- _TO DO_
All of the data, except its images, should be set down exactly as it appears.

- _COLLECTED DATA_
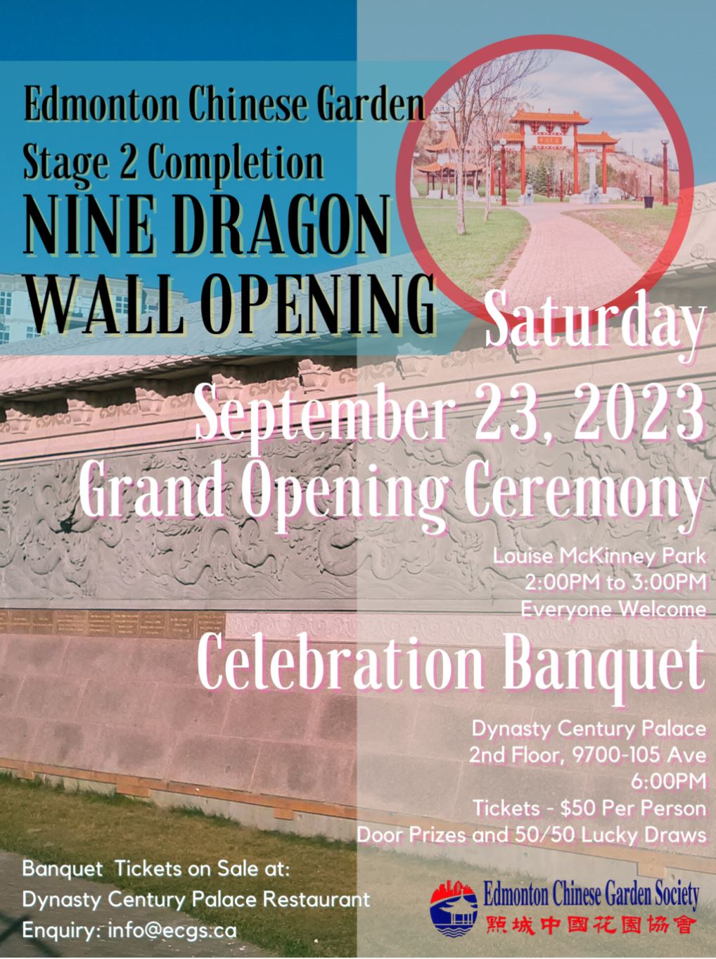 Celebration Banquet at 6:00 pm at Dynasty Century Palace (2nd Floor, 9700 – 105 Ave). Tickets are $50 per person. Door prizes and 50/50 lucky draws will be there! Tickets can be purchased at Dynasty Century Palace.
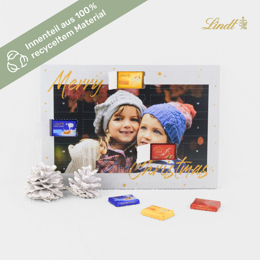 Liebevolle Tischkalender mit 24 exklusiven Lindt Napolitains assortiert, welche einen einzigartigen Geschmack versprechen. Gestalte die Frontseite mit persönlichen Fotos oder Texten. Das Inlay ist aus 100% recyceltem Material hergestellt.
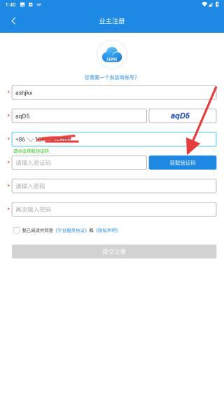 2、在業(yè)主注冊的界面內(nèi),輸入用戶昵稱、圖形碼以及手機號,再點擊獲取驗證碼的按鈕。
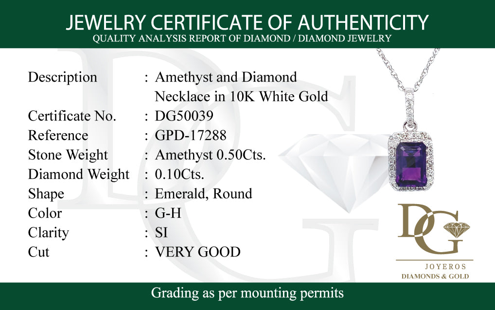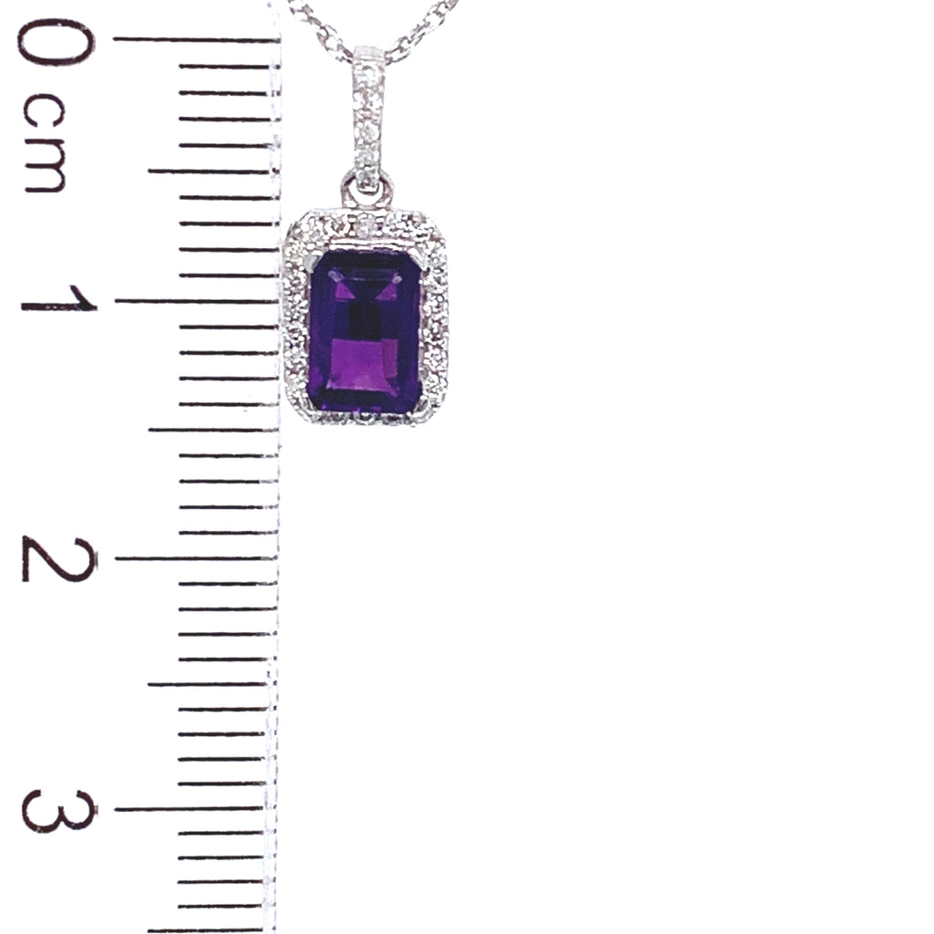 Collar de Amatista con diamantes en oro blanco 10k 45cm

- _RESULT_
 Celebration Banquet at 6:00 pm at Dynasty Century Palace (2nd Floor, 9700 – 105 Ave). Tickets are $50 per person. Door prizes and 50/50 lucky draws will be there! Tickets can be purchased at Dynasty Century Palace.
 Liebevolle Tischkalender mit 24 exklusiven Lindt Napolitains assortiert, welche einen einzigartigen Geschmack versprechen. Gestalte die Frontseite mit persönlichen Fotos oder Texten. Das Inlay ist aus 100% recyceltem Material hergestellt.
 2、在業(yè)主注冊的界面內(nèi),輸入用戶昵稱、圖形碼以及手機號,再點擊獲取驗證碼的按鈕。
 Collar de Amatista con diamantes en oro blanco 10k 45cm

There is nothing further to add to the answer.